Les résultats sont là, la gifle est bien là, magistrale, sonnante et percutante sur la joue du « grand » président américain. Il est même abondonné par Superman D. Rumsfeld qui a enfin compris que maintenant tout est fini.
Mais qu’espérait donc George W. Bush quand il qualifiait il y a quelques que la condamnation de Saddam Hossein « de grande réussite pour la jeune démocratie irakienne et de tournant dans le processus d’affranchissement de l’ancien régime tyrannique ».
Espérait-il encore une fois se tirer du bourbier où il a enfoncé les USA par de simples gesticulations ou par des déclarations tonitruantes ?
Je ne sais plus qui a dit : « on pouvait tromper toute le monde une fois mais on ne pouvait pas tromper tout le monde tout le temps ».
Maintenant le « roi » Bush est nu ! Aux américains et au monde d’en tirer les conclusions!
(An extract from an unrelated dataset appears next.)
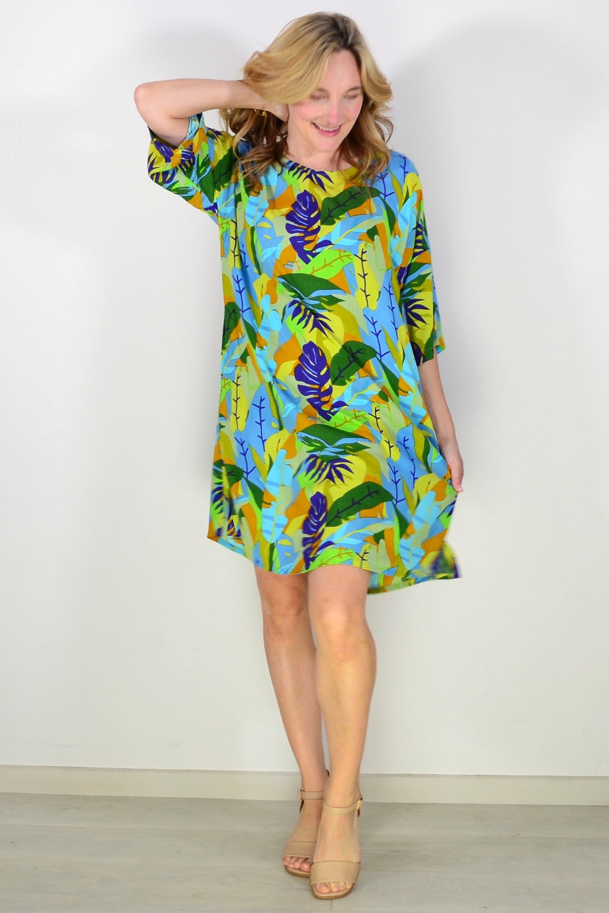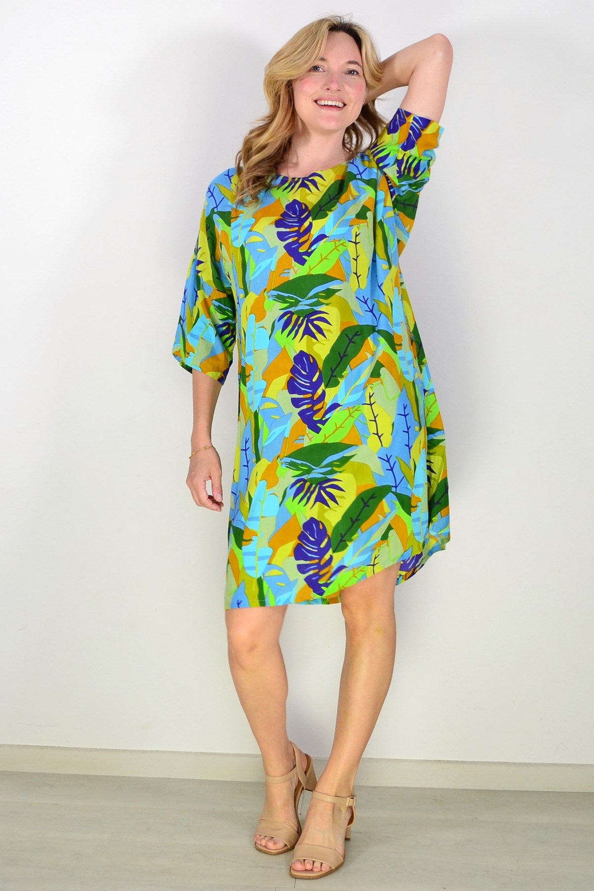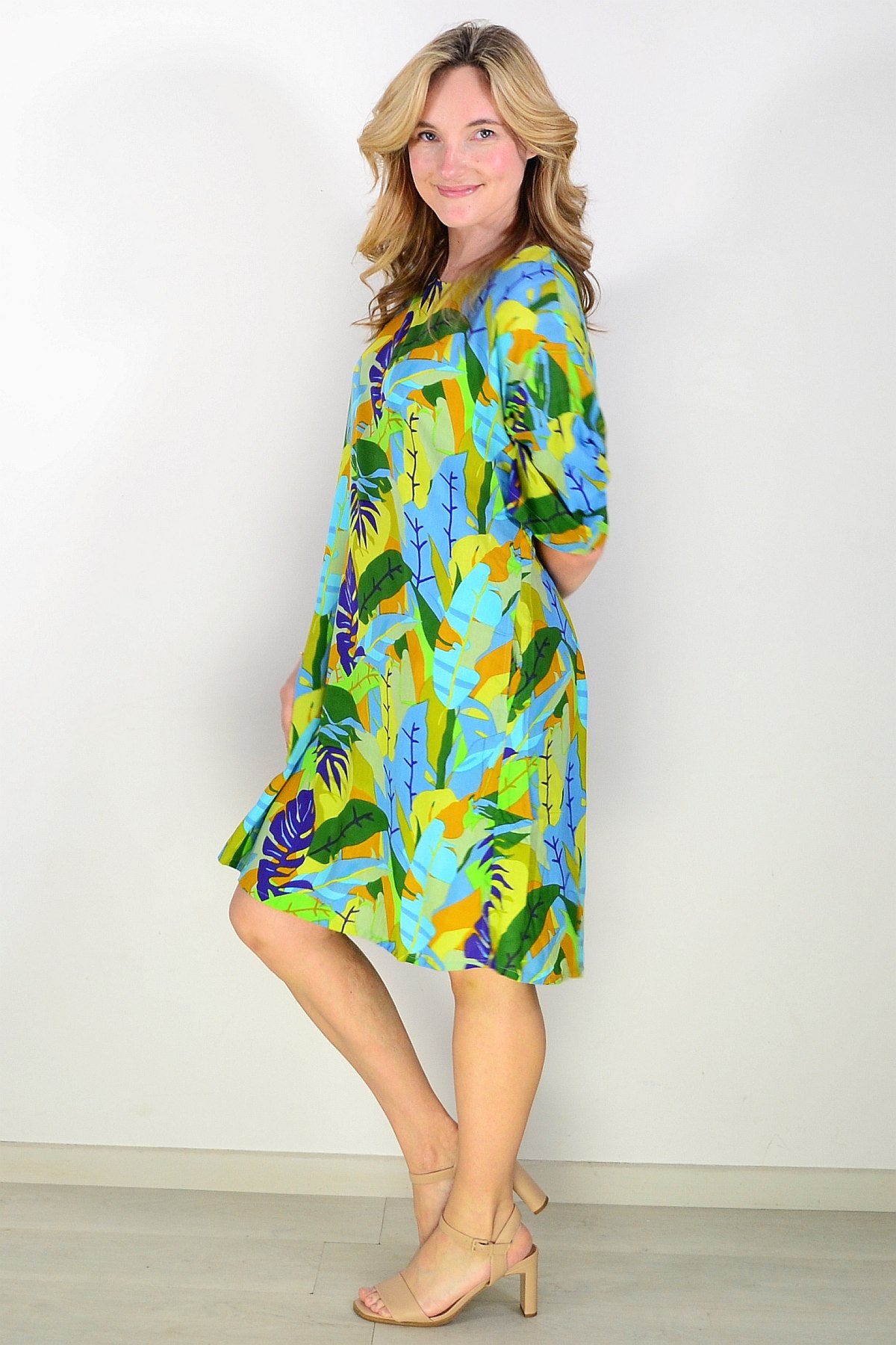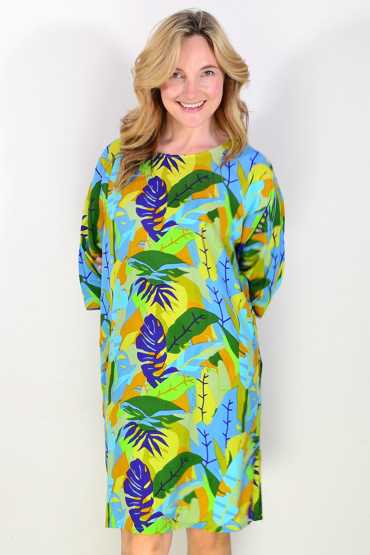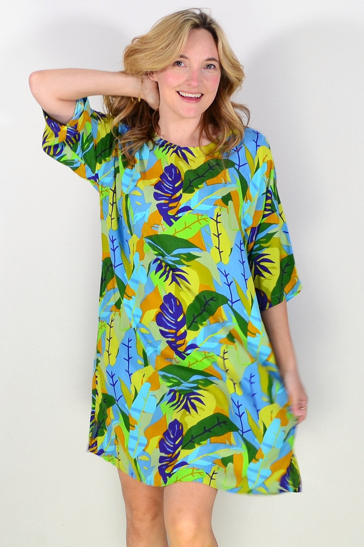 Beautiful summer shift dress with a colourful botanical themed print with colourful fern & leaves print. Main standout colours are green, blue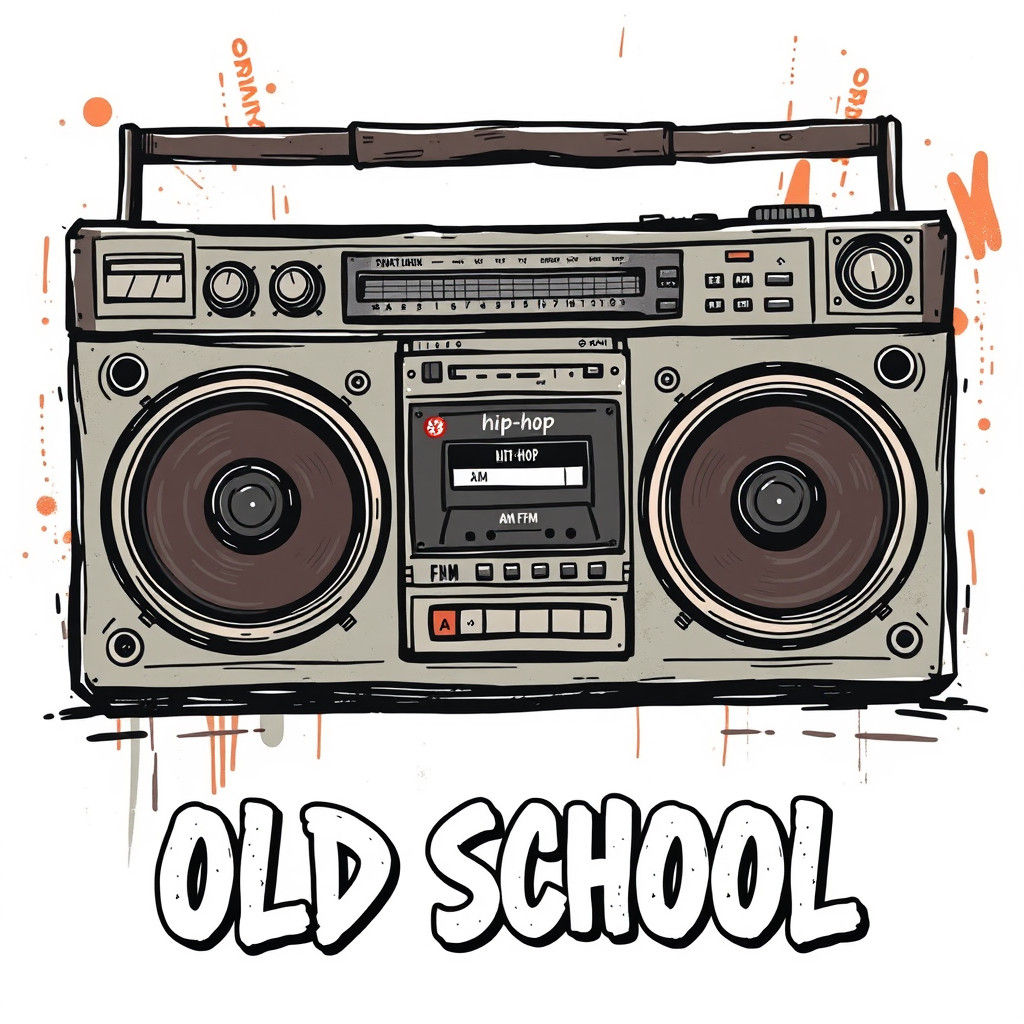A striking picture of a vintage boombox. This hand-drawn retro illustration features a distressed, grunge aesthetic evoking 1980s hip-hop culture in a bold, eye-catching color palette.

Le gouvernement britannique, toujours minablement à la traîne derrière George W. Bush, que son propre peuple a renié, a salué la condamnation à mort de Saddam Hussein. Mais Tony Blair, plus que controversé, n’a plus que quelques mois de vie politique devant lui. Bientôt, il rejoindra à la trappe de l’histoire les autres supporteurs de la folle aventure irakienne, notamment Jose-Maria Aznar et Sylvio Berlusconi.
L’Europe en général et la France en particulier ont su garder devant cette mascarade de procès et devant ce verdict ridicule, un position relativement digne, tournant autour de l’approbation d’e la condamnation de Saddam tout en rappelant l’attachement européen à l’abolition de la peine de mort.
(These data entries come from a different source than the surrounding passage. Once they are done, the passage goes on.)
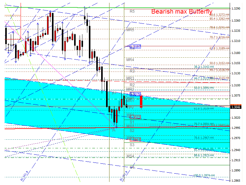 eurusd. Торговый день начался с того, что пара уже прошла 30 пипок вниз и похоже собирается пройти пивот и направится на юг. На Н4 наблюдаем, что пара находится в канале равновесия в нисходящих вилах Эндрюса. Предположительно пара будет снижаться, хотя при закреплении выше сопротивление 1,3079, лучше рассмотреть покупки.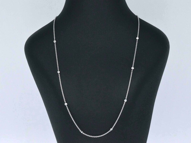 Product: Witgouden ketting met 8 briljant geslepen diamanten Specificaties: Diamant: Natuurlijk Slijpvorm: Briljant geslepen Gewicht (carat): 0.25 carat Kleur: F-G Zuiverheid: VS Slijpkwaliteit: Zeer mooi Juweel: ketting Gewicht: 4 gram Afmetingen/lengte: 42 - 42,5 cm(vestelbaar) Materiaal: 18K goud (750) Conditie: Nieuw Verpakking: Luxe sieradendoos Toelichting: De kwaliteit is overgenomen van het rapport behorend bij item. De waardebepaling is een beoordeling van een gecertificeerde diamantair, gebaseerd op consumentenprijzen. Consumentenprijs: € 4.148,-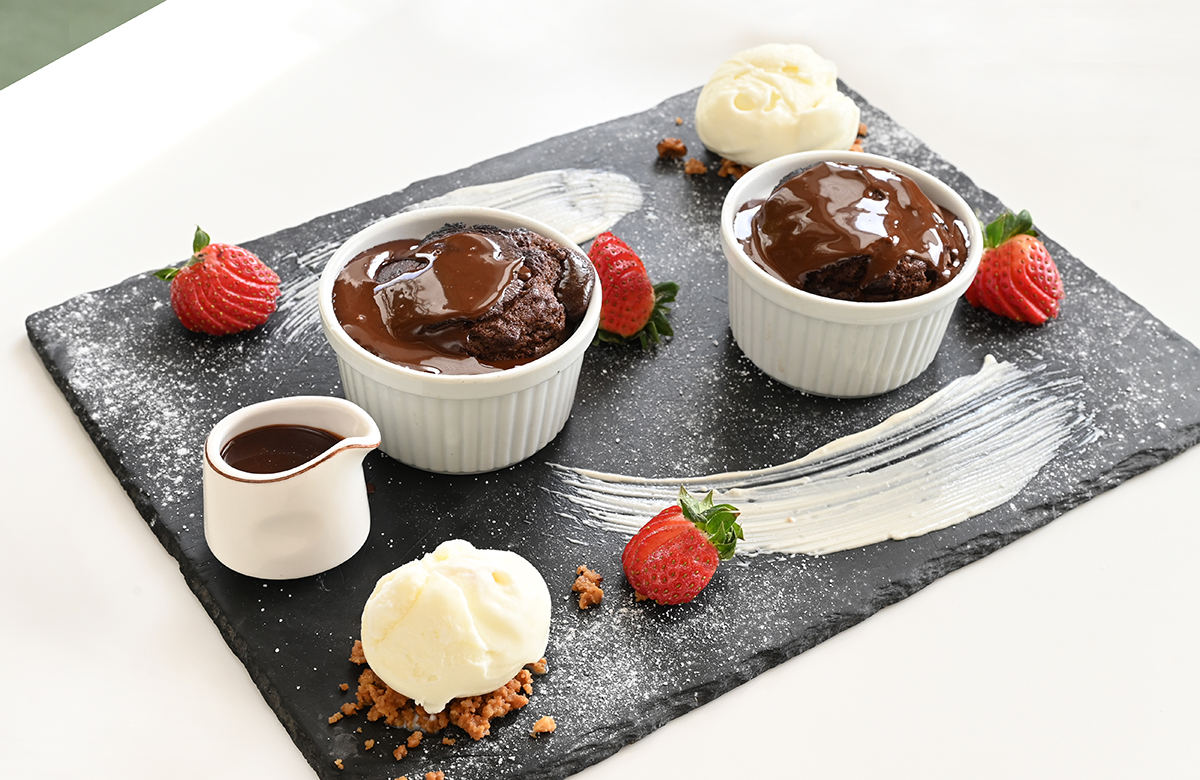 For something more refined, Evans’ Chocolate Soufflé with bitter chocolate sauce, hazelnut crumble and Madagascar vanilla ice cream offers the perfect balance between intensity and elegance. It’s the kind of dessert that turns a romantic dinner into a full sensory experience.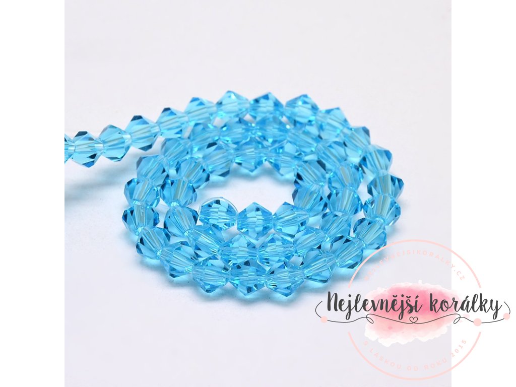 Korálky jsou vyrobeny ze skla a upraveny do tvaru broušeného dvoukuželu (bicone).

L’ONU, la précidence de l’UE et les grandes ONG ont exprimé clairement leur désaprobation à cette sentence de mort, tout en rappelant les violations des droits de l’homme commises par l’ancien dirigeant irakien.
Mais au fait, quelle est la position des dirigeants arabes à ce sujet ? Quelle est la position de la rue arabe devant ce problème ? Nous n’avons rien entendu ! Rien vu ! L’Irak est-il encore un pays arabe ? Intéresse-t-il encore les arabes ?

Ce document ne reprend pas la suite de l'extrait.